How to set up your truck the first time
- Open Settings (header gear icon) and tap Vehicle.
- Fill in your License plate, Model / Trim / Year / Engine, and the About text.
- Under Off-road setup, enter your actual Tires size and any Added lift.
- Enter Your name so the assistant greets you correctly.
- Tap Save — it turns green ("Saved") when everything is stored.
How to reshape your dashboard gauges
- In Settings, tap Dashboard.
- Tap a drive mode (OnRoad / XRoad / XTow / XSport) to snap all ten cards to a preset for that activity.
- Tap any individual card to pick exactly what it shows from the full list.
- Press and hold a card, then drag, to reorder.

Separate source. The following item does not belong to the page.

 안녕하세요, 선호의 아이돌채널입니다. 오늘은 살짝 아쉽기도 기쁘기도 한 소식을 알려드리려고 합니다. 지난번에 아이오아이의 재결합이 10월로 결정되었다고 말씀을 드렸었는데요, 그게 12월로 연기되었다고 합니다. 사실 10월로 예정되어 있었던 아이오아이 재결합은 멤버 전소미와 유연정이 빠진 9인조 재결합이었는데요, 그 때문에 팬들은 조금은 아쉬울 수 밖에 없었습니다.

Everything saves instantly.
- To start over, tap Reset to defaults (appears only when you've made changes) and confirm with a second tap.

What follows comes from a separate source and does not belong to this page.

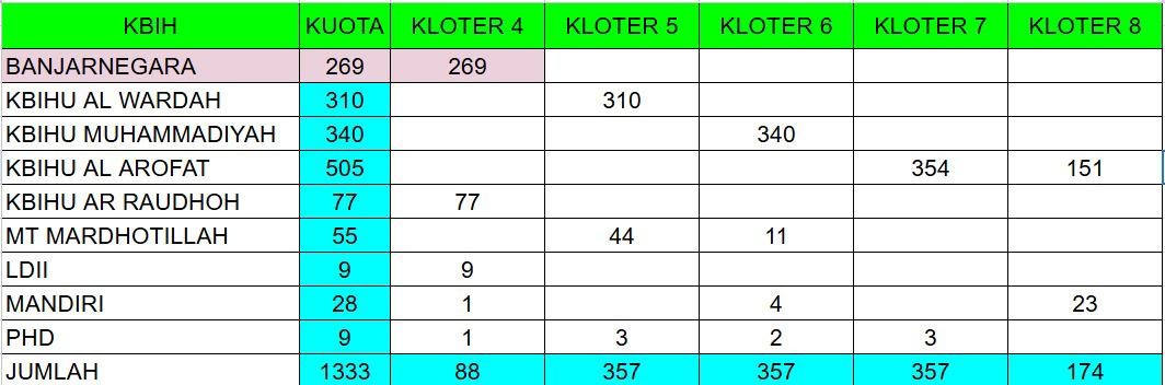 “ Calon jamaah haji dari Kabupaten Banyumas terbagi menjadi 5 kloter yakni kloter 4,5,6,7,dan 8 dengan jumlah total sampai hari terkahir adalah 1333 orang. Pembagian kloter tersebut sudah kami rapatkan bersama KBIHU dan pihak lain, sedangkan untuk jadwal pemberangkatan kami masih menunggu jadwal resmi dari menteri agama.” Ujarnya lebih lanjut.

How to turn on a spoken alert and set its threshold
- In Settings, tap Alerts.
- Make sure Spoken alerts is on if you want warnings read aloud.
- Flip the switch for the alert you want (Low fuel, Engine temperature, Battery voltage, Transmission temp, etc.).

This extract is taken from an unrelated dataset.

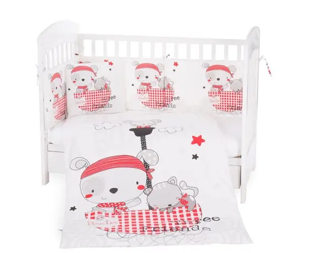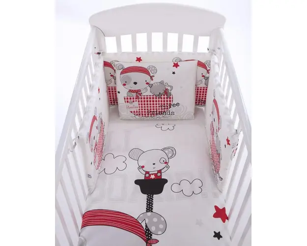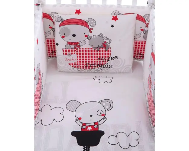 Lenjerie patut cu 6 piese si protectie laterala Pirates 140x70 cm

- A slider appears — drag it to the level you want the warning to trigger at.
How to pair a Bluetooth light panel
- In Settings, tap Devices.
- Tap Find light panel and grant Bluetooth permission if asked. (Close the panel's own AuxBeam app first — a panel allows only one connection.)
- Tap your panel in the list to pair it.
- Set the Channels count to match your panel, tap Rename to name each channel, then control the lights here or from the Dashboard.
How to add an API key
- In Settings, tap App.
- Find the section for the key you want (Claude assistant, Fuel prices, or Apple Music).
- Paste the key or token into the box and tap Save. To remove it later, tap Clear.
What you need
Several tabs come alive only when the matching hardware or key is set up. xOverland is honest about this — it tells you on-screen when something isn't connected instead of showing fake data.
- Service, and the live parts of Dashboard/Alerts need your truck connected for real mileage, temperatures, fuel, voltage, and tire pressures. Live vehicle data comes from either a supported OBD-II adapter or the head unit's CAN connection. An OBD-II adapter is paired at the truck's own Bluetooth settings (the app will prompt "Pair an OBD-II adapter in Bluetooth settings" if it doesn't see one); it is not paired on the Settings › Devices tab.
- Audio needs the head unit's CAN connection to actually change the amp; otherwise it's a labeled preview.
- Devices needs a Bluetooth light panel and the unit's Bluetooth adapter. If there's no adapter, the tab says so.
- Claude assistant needs your Anthropic API key (App tab). Fuel prices needs a free EIA key. Apple Music needs your Apple Music developer token. All three are stored only on your device.
- The XLink / CarPlay / Android Auto dongle is set up on its own XLink screen (reached from the media/XLink surface), not from this Settings page.
Tips & good to know
- Nothing is lost between drives. Your vehicle info, dashboard layout, alert thresholds, keys, and light-panel setup are saved on the head unit and restored every time the truck powers on.
- Save buttons tell you the truth. On the Vehicle and App key sections, the button reads "Save," turns green to "Saved" after you tap it, and flips back the moment you edit again — so you always know if you have unsaved changes.
- Auto day/night can follow your headlights. With Display set to Auto, the interface switches to its night look when the truck's headlights/illumination come on, then falls back to sunrise/sunset and finally the local clock.
- Reset asks twice. Resetting the dashboard cards requires a confirming second tap, so a stray touch won't wipe your layout.
- Honest "not connected" states everywhere. Audio shows "preview," Service asks you to connect for real mileage, and Devices tells you if there's no Bluetooth — you'll never be fooled into thinking a control is live when it isn't.
- CAN Data Capture and Drive Logs are advanced. They save to files on the head unit that you copy off later; most owners never need them, but they're there for deep diagnostics and record-keeping.